# WHAT THE TASK ASKS:
Starting at the line below with "és que aquests" and stopping at the line with "La vacuna contra la Covid-19.", please print each line exactly, those two included, and skip every picture.

# RAW DATA:
+++++

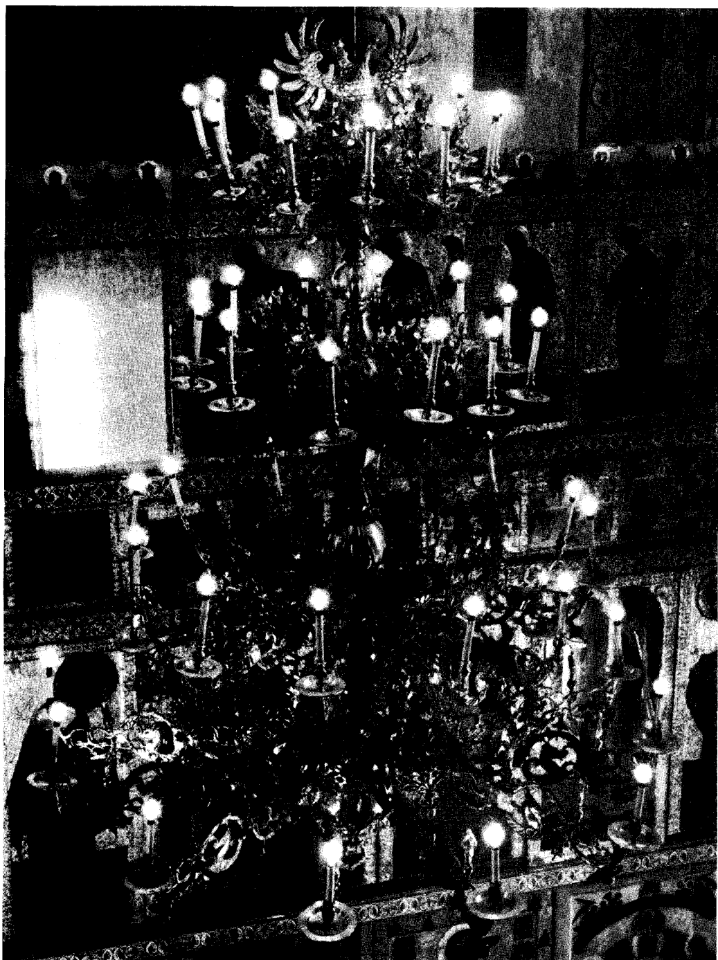
Рис. 1. Годуновское паникадило из Софийского собора в Новгороде. Общий вид.
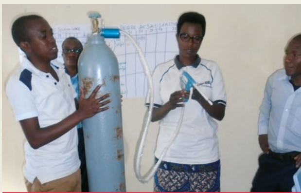
La formation des prestataires de soin à Rumonge, 2018
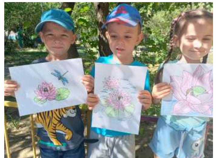
Работа с раскрасками.
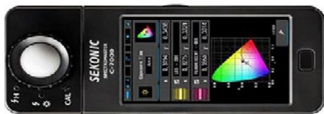
شکل ۲. دستگاه اسپکترورادایومتر SEKONIC-7000

این مطالعه توصیفی، تحلیلی - مقطعی است که بین کارکنان اداری ستاد وابسته به دانشگاه علوم پزشکی همدان با هدف تعیین اثر روشنایی بر علائم و دردهای اسکلتی-عضلانی و ارتباط آن با پوسچر کاری در فصل بهار و اواخر فروردین ماه سال ۱۳۹۶ در طول شیفت کاری انجام شد. اندازه‌گیری روشنایی در ۵۰ اتاق به صورت تصادفی ساده انجام شد. در این مطالعه، خصوصیات کمی روشنایی با دستگاه SEKONIC-7000 در ارتفاع سطح کار (سطح افق) و عمود (ارتفاع چشم فرد) در ساعات بین ۸ تا ۱۴ و در سه نوبت اندازه‌گیری انجام شد. دستگاه سکونیک C-7000، یک دستگاه اسپکترورادایومتر است که می‌تواند در محیط آزمایشگاه و محیط استفاده واقعی انواع منابع روشنایی، به طور همزمان دمای رنگ، شاخص تجلی رنگ و تجزیه طیف را به همراه شدت روشنایی اندازه‌گیری و ثبت کند. این دستگاه با قابلیت پردازش رنگ و تصحیح آن به صورت آنلاین برای تمام نورها اعم از نور طبیعی و مصنوعی، به صورت پیوسته یا نور لحظه‌ای، برای انواع کاربردهای مختلف صنعتی، پزشکی، علمی و هنری استفاده می‌شود. دستگاه دقت بالای ۱ نانومتر دارد. در شکل ۲ دستگاه کلون متر نشان داده شده است. در مطالعه حاضر، براساس فرم‌های مصوب مرکز سلامت محیط و کار، ویژگی‌های کیفی اتاق‌ها و مشخصه‌های کمی و کیفی روشنایی بررسی شد. شدت روشنایی عمومی براساس الگوهای پیشنهادی انجمن مهندسان روشنایی (IES)، شدت روشنایی موضعی دقیقاً در محل دید فرد با زاویه‌ها و فاصله مناسب با رعایت جلوگیری از تشکیل سایه و نیم سایه بدن یا دست روی محل و تغییر نکردن وضعیت و جابه‌جایی فرد، با قراردادن دستگاه در حالت افقی و عمودی اندازه‌گیری انجام شد.
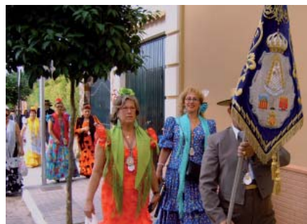
Llegada a La Palma del Condado

Como todos los años, la víspera de "hacer el camino" con nuestra Hermandad Madrina de La Palma del Condado, asistimos a las 20:30 h. a la Misa de Acción de Gracias en la Capilla del Convento de las Hermanas de la Cruz. En esta Misa participaron también la Hermandad de Palma de Mallorca y la Asociación de Hortaleza.
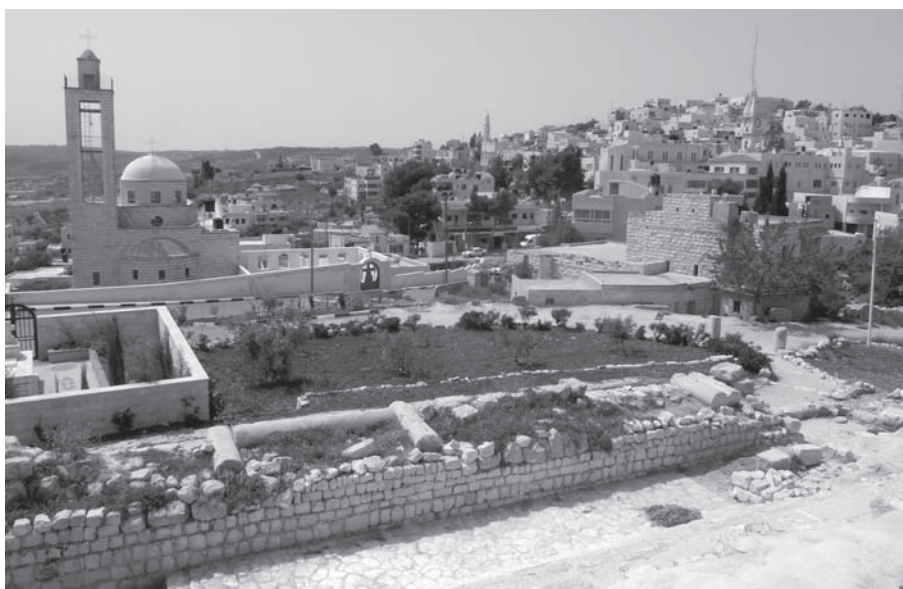
Taybeh és l'últim poble palestí completament cristià.

és que aquests darrers són els hereus directes de les primeres comunitats cristianes, de la primera Església. Tant és així que els agrada dir que a Taybeh, juntament amb els seus germans palestins, han pogut veure amb els ulls i tocar amb les mans el cinquè Evangeli. «En un context tan difícil com el que viuen —explica Albert Zaragoza, que va ser per Setmana Santa a Taybeh—, els joves palestins
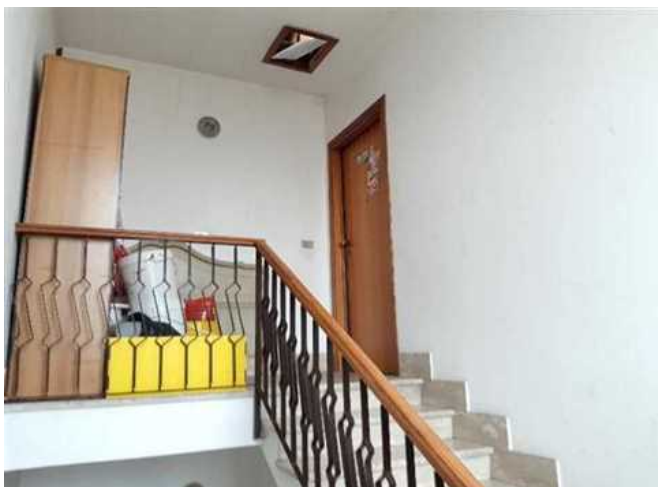
Vista del vano scala comune e della porta di ingresso all'abitazione
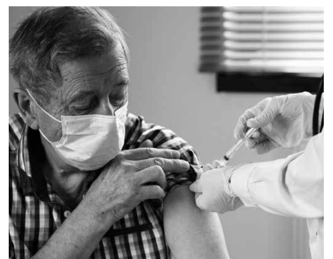
La vacuna contra la Covid-19.

Aunque la incidencia de la Covid-19 ha descendido notablemente, el virus sigue estando ahí y las nuevas variantes también, por lo que los expertos animan a no bajar la guardia y a seguir combatiendo la enfermedad a través de la vacuna. En Amavir Puente de Vallecas comenzó la administración de la cuarta dosis en el mes de octubre. Se trata de una dosis de recuerdo frente a la Covid-19 adaptada a las nuevas variantes en grupos de población muy concretos. Sanidad afirma que estas vacunas son más precisas, que ofrecen una protección más amplia y que los efectos secundarios son similares a los ya administrados. No olvidéis que la mejor fórmula para combatir este virus sigue siendo el lavado de manos, la distancia y la ventilación. ¡No bajéis la guardia!
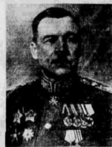
Маршал Советского Союза Л. А. Говоров.
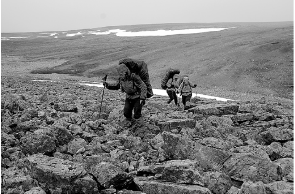
Varanginniemiä on puutonta ja erittäin karua ylänköä.

la rinteellä on vielä heinäkuun alkupuolella lumikenttiä.
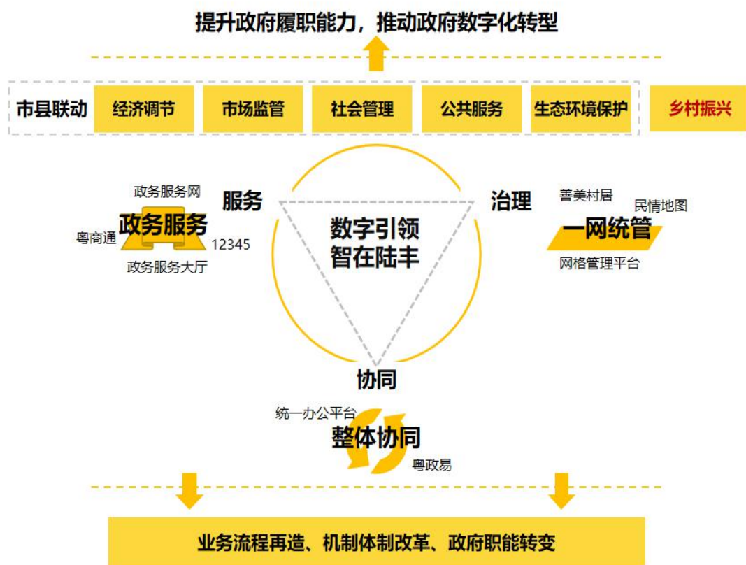
图2 陆丰市数字政府业务架构图

+++++

# REPLY:
és que aquests darrers són els hereus directes de les primeres comunitats cristianes, de la primera Església. Tant és així que els agrada dir que a Taybeh, juntament amb els seus germans palestins, han pogut veure amb els ulls i tocar amb les mans el cinquè Evangeli. «En un context tan difícil com el que viuen —explica Albert Zaragoza, que va ser per Setmana Santa a Taybeh—, els joves palestins
Vista del vano scala comune e della porta di ingresso all'abitazione
La vacuna contra la Covid-19.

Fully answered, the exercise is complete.